We live in a culture that bestows respect on those with plans; to have a plan is to have purpose, resolve and forethought. We have been built for lives focused on the next step: nursery to elementary to high school to college; internship to full-time job. These safety nets can be restrictive, but they are also secure. Enmeshed in their protection, the anxiety of uncertainty fades away. At the end of our Yale careers, we will have earned a degree at one of the best universities in the world. But for many of us, that no longer feels like enough. Before we shake University President Peter Salovey’s hand in May, it seems that we also need to know exactly what is next, right now.

For the first 21 years of my life, that strict structure guided me in every way. While I may have developed a solid resume, taken rigorous courses and formed important connections, as I reach the beginning of my senior year, I realize that I have seldom grappled with the discomfort of an uncertain future. Which reminds me: there is a Blockbuster comedy about the end of college, even if it’s not set on the last day of class: “Reality Bites.” In this Generation X classic, valedictorian Lelaina Pierce, portrayed by Winona Ryder, finds herself floundering for the first time as she attempts to live an adult life. Rudely awakened by the transition from the shelter of pre-adulthood to the harsh reality of the working world, she begins filming a documentary about her experience. In doing so, she finally lets go of her need for control in a gas station convenience store, getting down to “My Sharona.” While some regard “Reality Bites” as a self-indulgent anthem for slackers, I found the movie to be a pivotal lesson about the importance of grappling with uncertainty: Most of us could stand to embrace it, at least long enough for an impromptu dance party.

We can keep pretending that we are comfortable with the unknowability that lies ahead, or we can just admit to one another that we all have anxiety about what the future holds. You can learn almost anything at Yale, but there’s no course on how to live with the discomfort of not knowing what’s next.
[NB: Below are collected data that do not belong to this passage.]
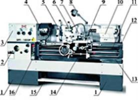 На левом конце станины крепится шпиндельная бабка 3 и коробка подач 2. В шпиндельной бабке находится коробка скоростей станка, основной частью которой является шпиндель. На шпинделе установлен зажимной патрон 4. Коробка подач 2 служит для передачи движения от коробки скоростей на ходовой вал или ходовой винт. На корпусе коробки подач установлен электрический блок управления 16.
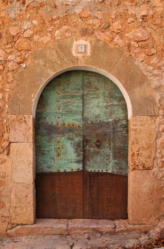 Keywords: architecture building facade home wall goal door input arch old old town historically spain mallorca masonry stones stone wall fornalutx metal wood access antique metal bezel rivet house number
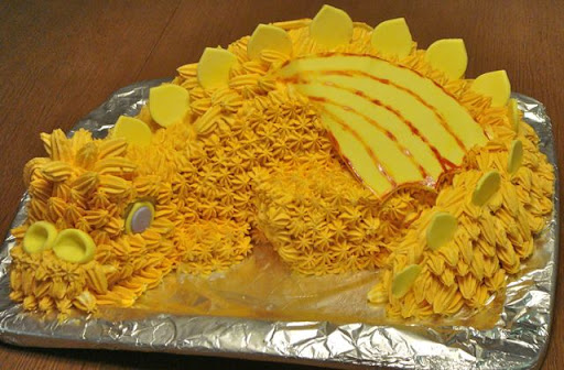 Vanema poja sünnipäevatort sai inspiratsiooni filmist "Kuidas taltsutada lohet". Lohe sees on kaks 10 munast küpsetatud biskviiti. Ühest sai keha ja teisest saba, pea ja jalad. Biskviitide vahele panin ohtralt kohupiima-vahukoore segu koos maasikate ja mustikatega. Lohe "karvkatte" on tehtud toorjuustu-vahukoore segust. Tiivad ja muud väiksed vidinad suhkrumassist.
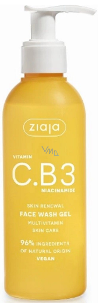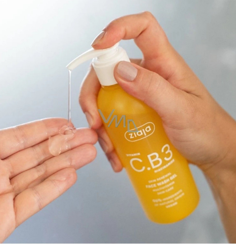 Bezolejový mycí gel Ziaja Vitamin C.B3 Niacinamide pro všechny typy pleti, včetně citlivé a suché pleti. Určeno pro jemné čištění a zvlhčení pokožky. Na bázi jemných mycích složek a aktivitě vitamínů C a B3-niacinamidu.
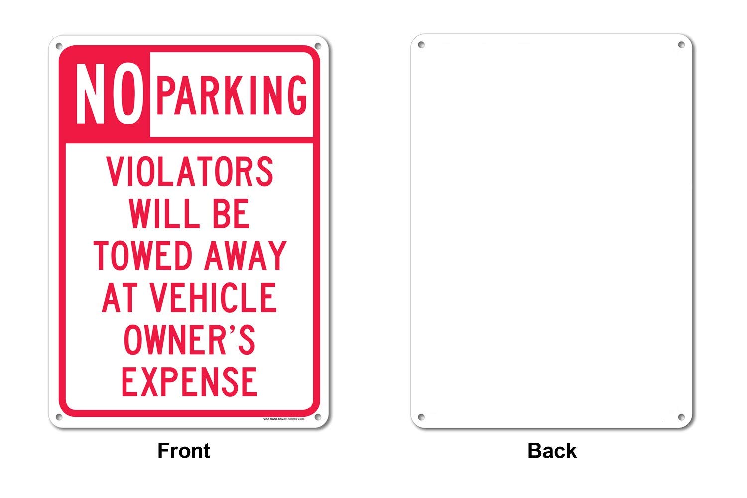 No Parking Sign, Violators Will Be Towed Away At Vehicle Owners Expense Sign 14 X 10 Inches Reflective Aluminum Easy To

That discomfort goes hand in hand with the deeper fear of not knowing what to do when there is nothing to do. As Yalies, the thought of a blank Google Calendar is as terrifying as the thought of Durfee’s running out of chicken tenders. For me and many others, the fear of the unknown can lead us to reflexively focus on the future rather than enjoying the present. But anxiety about the future, even if it’s inevitable, doesn’t need to be all-consuming. So if you’re contemplating going to Woads this Wednesday but stressing about an application that isn’t due Thursday, just go. If you have the impulse to build a giant pillow fort, do it. And the next time you’re at Gheav and they’re playing anything as catchy as “My Sharona,” take a minute to bust a move.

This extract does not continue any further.